Over the past decade, mobile networks around the world have grown and matured. The International Telecommunication Union (ITU) estimates that more than 87% of the world’s population is currently covered by at least 4G Long Term Evolution (LTE) (or similar) networks. Similarly, we are seeing dramatic changes to smartphones. In 2019, mobile devices surpassed computers as the preferred online access method, accounting for more than half of daily online time (Global Cohort). Mobile has grown from just 25% of his daily time (in 2013) to the primary mechanism by which a user can now spend 57% of his time online (Q4 2022). Mobile connectivity is an increasingly established ‘fixed’ service, now established as a cornerstone of modern lifestyles.
When consumers choose to spend more time with a product or use case, they are, to some extent, expressing their preferences. In other words, time (as a unit of measurement) can be thought of as a proxy for the utility that individuals assign to goods and services. There are a finite number of hours in a day, and in theory, people are constantly optimizing them to maximize utility. As mobile phones have become the preferred medium for accessing the Internet, this behavior is uniquely preferable (maximizing utility) for users compared to previously existing or available alternatives. you need to accomplish things.

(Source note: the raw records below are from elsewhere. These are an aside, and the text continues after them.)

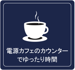 電源カフェ・キッズスペース・ウッドデッキカウンターなど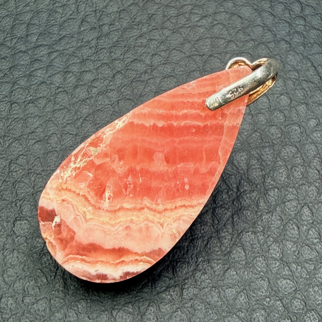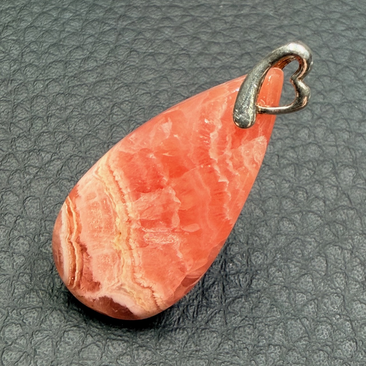 Taille du Pendentif en Rhodochrosite hors bélière 3,1 cm sur 1,6 cm sur 0,4 cm.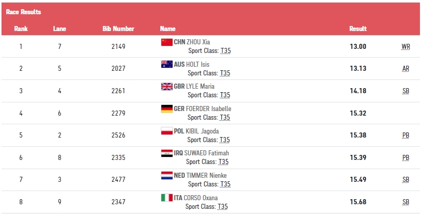 北京时间8月27日,2020东京残奥会第三比赛日,女子100米T35决赛,周霞以13秒00的成绩打破世界纪录,夺得该项目金牌!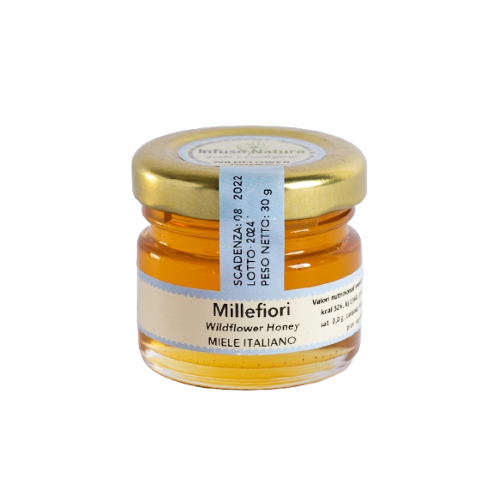 Un concentrato di natura in formato monodose. Il nostro Miele Millefiori Italiano è prodotto artigianalmente da nettari raccolti su una vasta varietà di fiori spontanei, che donano al miele un profilo aromatico ricco e sfaccettato. Ogni vasetto racchiude il gusto autentico del territorio, con note floreali delicate e una dolcezza equilibrata.
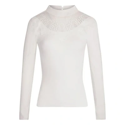Mock neck sweater Long Sleeve lace detail on collar and shoulders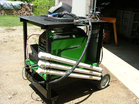 Just got my Power I-MIG 200 the other day and needed a welding cart. I thought about buying one but then thought why when I can build one that doubles as a welding table. So that's what I did. Let me know what you think. Love the welder so far. Can't believe I took this long to buy a MIG welder. I don't think I'll ever go back to flux core again. Well not as long as I can help it.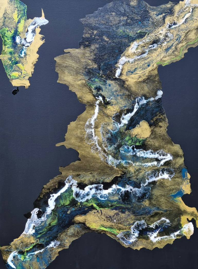 Quantum leap serie :Down to Earth first painting in this serie, crafted in the fluid art technique, beautifully melds earth tones with deep black accents, creating a dynamic and mesmerizing composition. The organic swirls and undulating patterns evoke a sense of natural landscapes and geological for...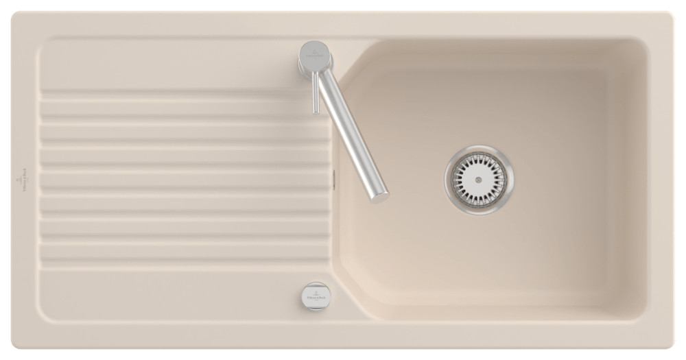 V&B Flächenbündige Spüle Linara 60 Flat mit Ablaufgarnitur, Excenterbetätigung, ivory CeramicPlus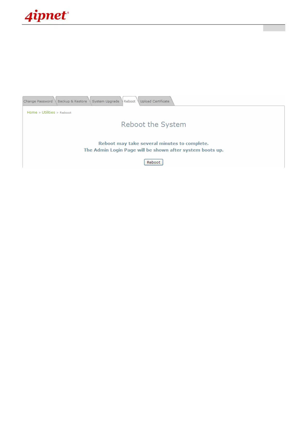 minutes. Click Reboot to restart the system. Please wait for the blinking timer to complete its countdown

The challenge for any industry is to clearly understand the relevant use cases and find ways to express value creation in a way that resonates. For example, in the early days of circuit-switched telephone networks, it was wise to use “hours” to represent costs because the time a user spent occupying a line was directly proportional to whether the line could be monetized. (because he is the only user). circuits can be used at once). It was also easier for consumers to recognize time as a unit that was billed (for example, $0.10 per minute) and as a unit that was consumed. These units can be sold in large quantities to represent value (for example, 1000 minutes for $50). The telecommunications industry will continue this trend, with similar unit-based pricing (for example, $5 for 500 texts) leading to widespread adoption of text messaging.
With the deployment of 4G LTE networks, these packet-based Internet Protocol networks have become data-centric. Coupled with advances in consumer electronics (such as the first Apple iPhone), there was suddenly much more that could be done with cellular networks than simple conversations and texting. As a result, consumer wireless unit economics have shifted to data metering (e.g. $10/GB, $30 for 5GB). On the other hand, the unlimited access granted by fixed-line home broadband has led to throughput (or data rate, e.g. Mbps) as the primary method of differentiating different access product tiers.
Different product tiers and pricing allow end users to go about their business optimizing and maximizing their utility. In other words, a “quantity of demand” for goods and services is created.